Reiner LUTTMANN, Hamburg University of Applied Sciences, Germany
Jens FRICKE, Boehringer Ingelheim, Austria
Sven-Oliver BORCHERT, Bayer AG, Germany
Jan-Patrick VOSS, Evonik, Germany
A development of continuously operated integrated pharmaceutical production processes needs a tremendous expenditure. Beside the installation of a full-scale production, scale-down concepts are essential to meet QbD-specifications of FDA.
In this presentation the surrounding PAT-field of such plants for production of potential Malaria vaccines is discussed in order to create model based QbD-compliant strategies. This includes fully automated processing and global process monitoring with additional classical and spectroscopic measurement procedures including enhanced data processing and MVDA.

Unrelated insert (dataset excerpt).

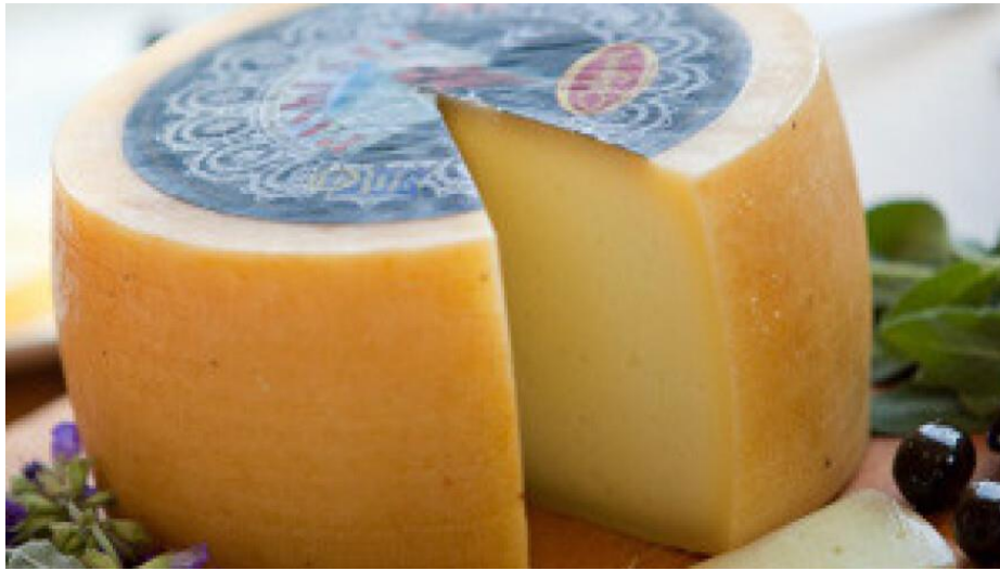
Slika 1. Paški sir

proizvodom koji je prepoznatljiv i cijenjen širom svijeta. Njegova proizvodnja nije samo industrija, već i očuvanje kulturne baštine otoka Paga.

A two-stage upstream line is also scaled-down in a sequential/parallel operated six-fold bioreactor-plant including flow analysis at-line procedures for substrates- and target protein-detection. The plant allows a fully automated simultaneous DoE-process optimization and identification of Critical Process Parameters. The DoE-model and Monte Carlo simulations create also the Design Space and the Control Space of QbD-production. ·
Similar methods are used in the down-stream area for optimization of cyclic protein purification. These methods are applied with an AEKTAT avant which is developed especially for DoE.
One main focus of the work lies on the development of a global MVDA-based monitoring system for variables like cell density, glycerol-, ammonium-, total secreted-, and target protein-concentrations but also on evaluation of process quality (reproducibility) of cyclic processing.
Applications of NIR-, Raman-, and 2D-Fluorescence-Spectroscopy and the appropriate PLSR-modeling leads to a partly success. This was improved by using the nonlinear SVR-Support Vector-machine Regression.
However, a MVDA with only classical bio-engineering variables creates also satisfying results in bio-monitoring up to an on-line detection of secreted target protein.
Qualities of running processes were evaluated with Golden Batch approaches. GB-tunnels were created with QbD-conformed process courses and then used for on-line observation and prediction of actual first principal components. MPC-Model Predictive Control was also implemented in order to avoid a leaving of the GB-tunnel by correction of process set-points. These methods open the way to an on-line release of pharmaceutical products.